Техники, не способствующие пониманию партнера
1. Негативная оценка— в беседе мы сопровождаем высказывания партнера репликами вроде: «Глупости ты говоришь...», «Ты, я вижу, в этом вопросе ничего не понимаешь...», «Я бы мог вам это объяснить, но боюсь, вы не поймете...» и т. п.
2. Игнорирование— мы не принимаем во внимание того, что говорит партнер, пренебрегаем его высказываниями.
3. Эгоцентризм — мы пытаемся найти у партнера понимание только тех проблем, которые волнуют нас самих.
Промежуточные техники
4. Выспрашивание— мы задаем партнеру вопрос за вопросом, явно стараясь разузнать что-то, но не объясняем ему своих целей.
5. Замечания о ходе беседы— в ходе беседы мы вставляем высказывания типа: «Пора приступить к предмету разговора...», «Мы несколько отвлеклись от темы...», «Давайте вернемся к цели нашего разговора...» и т.д.
6. Поддакивание— мы сопровождаем высказывания партнера реакциями типа: «Да-да...», «Угу...»
Техники, способствующие пониманию партнера
7. Вербализация, ступень А (проговаривание, повторение)— мы дословно повторяем высказывание партнера.

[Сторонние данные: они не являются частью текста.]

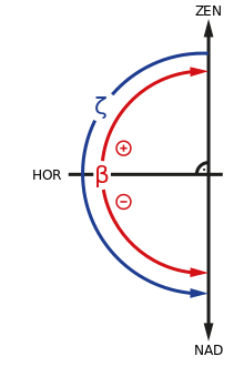 HOR=Horizont, ZEN=Zenit, NAD=Nadir, β=Höhenwinkel, ζ=Zenitwinkel
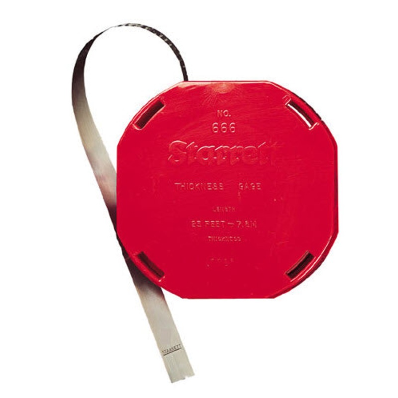 • The Starrett 666 Series Thickness Gauge or Feeler Stock, Model 666-1 1-2 comes in a plastic dispenser case and is 25′ long . This handy product Series is housed in a convenient rewindable dispenser roll. Having the thickness stock in a case makes it very useful for cutting off the required length for adjusting tappets, spark plugs, distributor points, checking bearing clearances and gear play, fitting pistons, rings and pins, gaging narrow slots, etc.

При этом можно начать с вводной фразы: «Как я понял Вас...», «По Вашему мнению...», «Ты считаешь...» и т. п.
8. Вербализация, ступень Б (перефразирование) — мы воспроизводим высказывания партнера в сокращенном, обобщенном виде, кратко формулируем самое существенное в его словах. Начать можно с вводной фразы: «Вашими основными идеями, как я понял, являются...», «Другими словами, ты считаешь, что...» и др.
9. Вербализация, ступень В (интерпретация и развитие идеи) — мы пытаемся вывести логическое следствие из высказывания партнера ила выдвинуть предположения относительно причин высказывания. Вводной фразой может быть: «Если исходить из того, что Вы сказали, то выходит, что...» или «Вы так считаете, видимо, потому что...»
Тренер должен так организовать работу с участниками группы, чтобы стали явными «пробелы» в их коммуникативных умениях, которые выражаются в использовании негативных техник, в негибкости позиции, многословии, склонности перебивать партнера, «перескакивать» непосредственно от фазы ориентации к фазе решения и др. (Захаров В. П., 1990). После столкновения с собственными «пробелами» участники становятся психологически более восприимчивыми к восприятию и усвоению конструктивных коммуникативных техник. Шлифовка техник совершается благодаря использованию обратной связи от других участников и видеомагнитофона.
Английская модель
Тренинг социальных навыков был создан в Великобритании на основе работ Майкла Аргайла и его коллег в Оксфорде (Argyle M., 1969; Trower P., et al., 1978). Он широко используется как в отношении здоровых людей, имеющих проблемы в социальном взаимодействии, так и отношении психиатрических пациентов (Spence S., Shepherd G., 1982).
Описание тренинга дано Джеффом Шеффердом. Как указывает Шефферд, основными методами в тренинге социальных навыков являются моделирование, словесные инструкции, практика (ролевые игры) и домашние задания. Тренинг может проводиться индивидуально и в группах.
Тренинг социальных навыков начинается с диагностики в форме короткой тестовой ролевой игры. Сначала терапевт обсуждает с клиентом, в каких социальных ситуациях у него возникают трудности. Это может быть, например, ситуация знакомства с новыми людьми, противостояния доминантному начальнику и т. п.
К базовым социальным навыкам относятся: 1) контроль позы; 2) контроль социальной дистанции; 3) контроль выражения лица (например, «несчастное» выражение лица — это дефицит социального навыка); 4) поддержание контакта глаз; 5) контроль тона голоса; 6) контроль громкости голоса; 7) объем речи (если человек слишком мало говорит — это дефицит навыка, так же как если он слишком много говорит[14]); 8) подбор темы для беседы; 9) понимание социальных сигналов других людей, таких как тон голоса, выражение лица и др. |
Эта ситуация проигрывается с другим членом группы или «подсадной уткой». Как признает Шефферд, нет никакой гарантии, что тестовая ролевая игра будет валидным примером тех социальных ситуаций, для которых важен данный вид поведения. Социальное поведение характеризуется ситуативной «специфичностью», и поэтому результаты теста вряд ли могут быть перенесены на широкий класс ситуаций. Гораздо более убедительными были бы прямые наблюдения социального поведения в «свободных» социальных ситуациях. Шефферд возражает также против использования опросников, поскольку они не выявляют причины трудностей (Shepherd G., 1983, р. 12).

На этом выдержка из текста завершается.